Consoles are nearly dead in Japan at the moment, so I could see why Sony would want to move on from consoles as a Japanese-based company. For perspective, the Wii U has sold nearly three times as much in Japan as the PS4's pitiful sub-million there. It's a PC, smartphone and handheld (though that itself is dwindling as well, which is probably going to force Nintendo and Sony to integrate phone features in their future handhelds) market there and I suspect that the same will happen here in the west within a few years, especially as game developers keep ignoring one of the more common uses of consoles: local multiplayer.

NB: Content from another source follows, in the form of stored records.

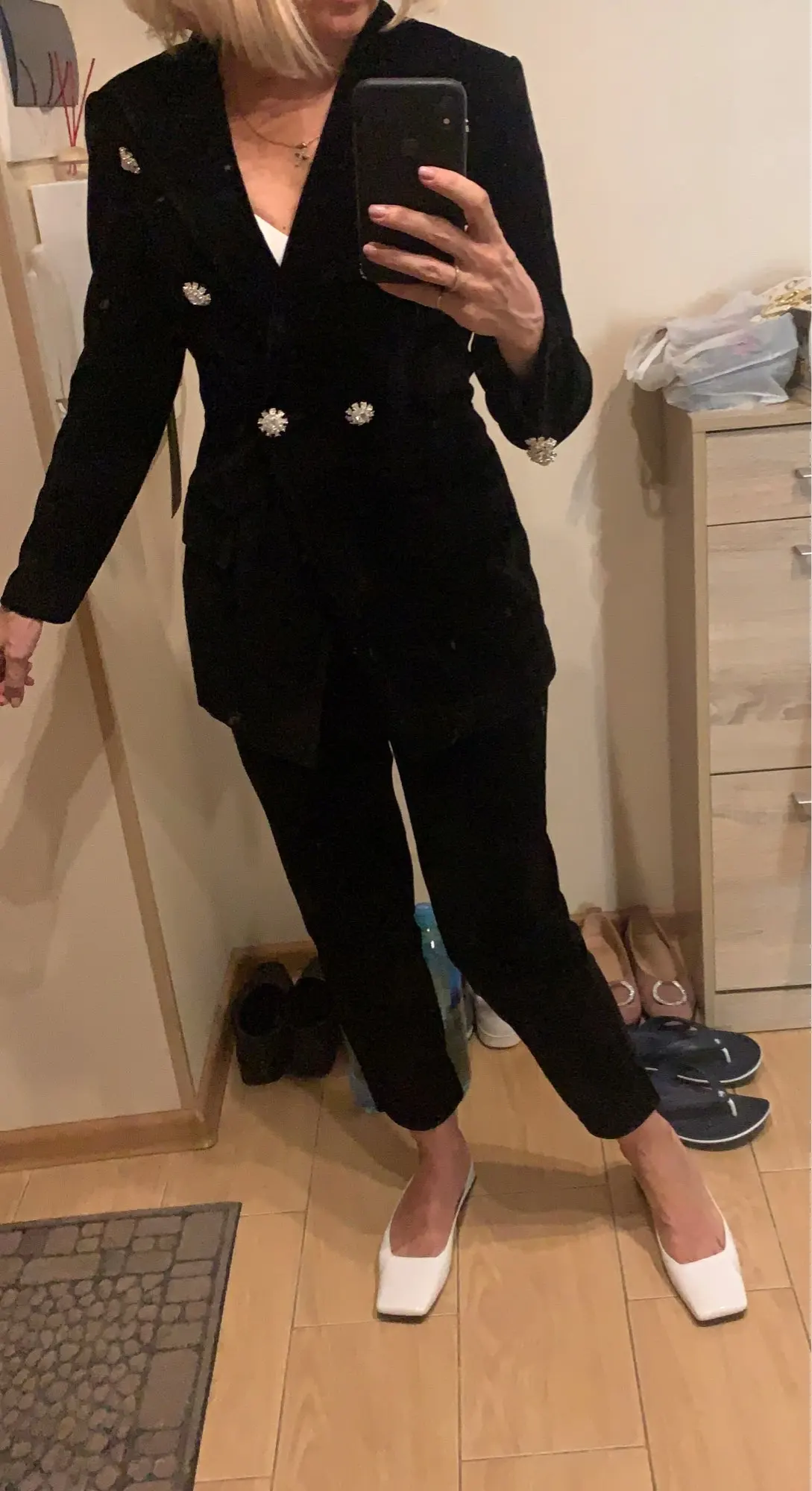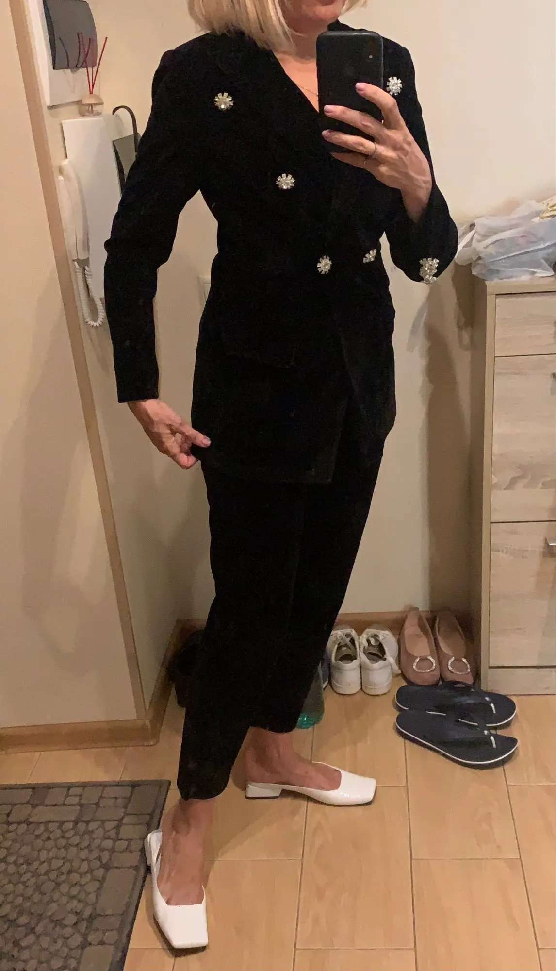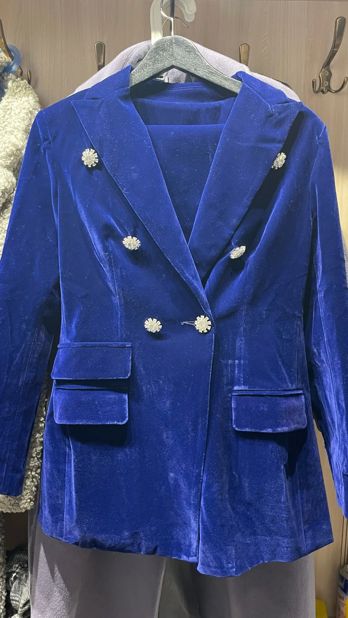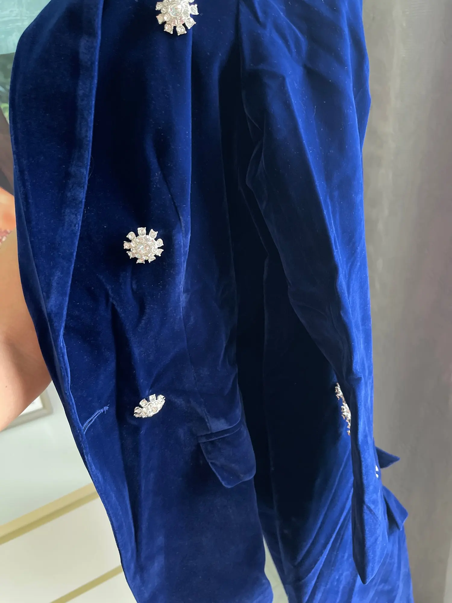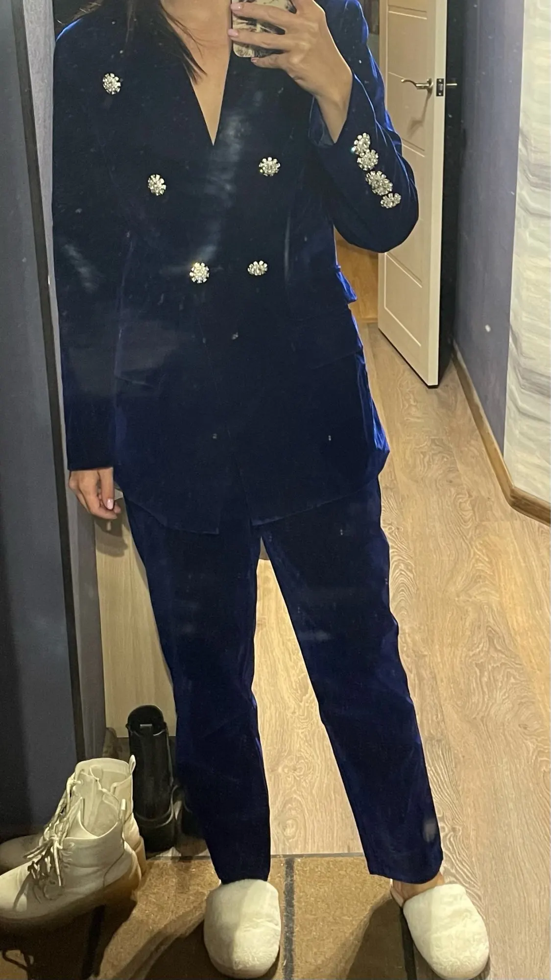 Костюм шикарный, ткань плотная. Немного торчат нитки и при примерке отлетели 4 пуговицы, держаться на соплях, пришлось пришивать чтоб не отпали но в целом костюм достойный как для алиэкспресс)))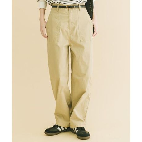 フロントの大きめパッチポケットが印象的なストレートベイカーパンツは、ミリタリーデザインをクリーンに落とし込んだ大人仕様。腰まわりに程よいアクセントを加え、体型を拾わずすっきりとした印象に。広がりすぎないストレートラインとややハイウエストな設計で脚をきれいに見せ、スニーカーやフラットシューズとも好相性。ニュアンスカラーと程よくハリのある素材で、上品なカジュアルスタイルが完成します。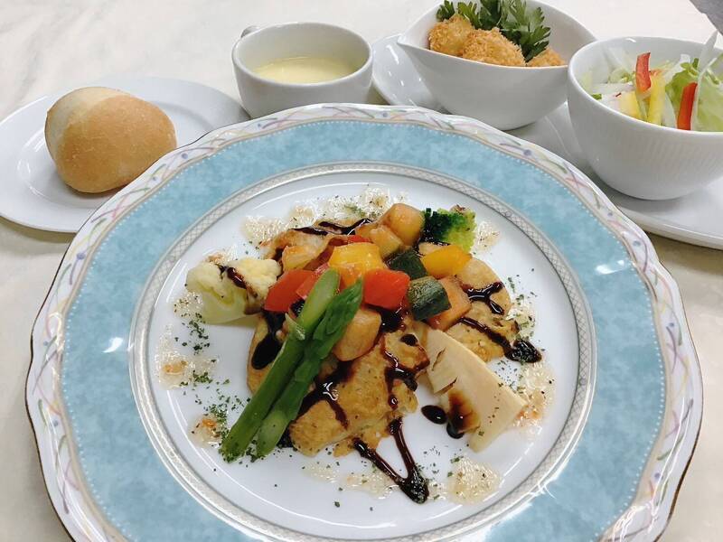 ・スープ・ポークピカタ・シーフードフライ・サラダ

[QUOTE=pentium;46698392]Didn't we already try streaming video games to set top boxes already and between the cost, latency and the fact that north american internet connections are shit compared to other first world countries?[/QUOTE] No, what ended up happening was the CEO of it (Onlive) fucked up really bad. Imo if OnLive just came a year or two later, and added the ability to co-stream things to twitch; it would have gained significant market control from people just getting into livestreaming who didn't have the horsepower, or internet bandwidth to run their own streams. I also like the concept of allowing your friends to hop right in and watch, etc. Cloud [i]has[/i] the potential to be more than a gimmick. [editline]12th December 2014[/editline] [QUOTE=Solo Wing;46697677]This. I mean, don't get me wrong, streaming everything would be amazing but with the way ISPs are in the USA, good luck with that shit without paying an arm and leg.[/QUOTE] This is the unfortunate truth, unless you have FTTP/H, then you aren't going to get very reasonable ping times for streaming games, it takes on my Comcast connection, 20-30 ms to get from my router, out to the nearest peering switch. If we had fiber that can be brought down to around 8~ms. It's an extremely uphill battle, but municipally owned fiber really is the way, there's only a few states that have tried; and many are still locked in legal or financial troubles because of it (Look at UTOPIA, in my state Utah), it's going to be the only way to the future.
Nah, there'll always be a place for offline gaming. Until we all have free or excessively cheap and really good wifi that covers the world, consoles are safe.
[QUOTE=proboardslol;46697791]Do people honestly like playing games on touchscreens beyond arcade-style puzzle games? I suppose they'd be good for at the very most visual novels, but that's pretty much it, IMO. Maybe gameboy emulators, but I really hate touch screen controls.[/QUOTE] I can't even stand playing pokemon without physical buttons
[QUOTE=pentium;46698392]Didn't we already try streaming video games to set top boxes already and between the cost, latency and the fact that north american internet connections are shit compared to other first world countries?[/QUOTE] There was a service back in the late 90s in some hotel chains where you could stream Megadrive, NES, SNES, Saturn, PS1 and N64 games to your hotel room for an hourly fee and it worked pretty well. I traveled a lot back then so I got to play the crap out of that service and I never had any problems with lag or picture quality. I guess my only complaint was the controller was inadequate for playing such a wide variety of games. It worked alright on everything except the N64 which was the odd man out with the Z trigger.
[QUOTE=Tmaxx;46698147]After making the fatal mistake of trying to play games on my ps3, I'm convinced it should have been called the update simulator[/QUOTE] yeah waiting years after games come out to spin them up on your console is generally going to result in updates you don't turn on your PC after two years of not using it at all and expect zero updates, do you?
once greedy fucking publishing companies decide not only what type of games come out, but how and what we play them on, gaming as we know it is dead.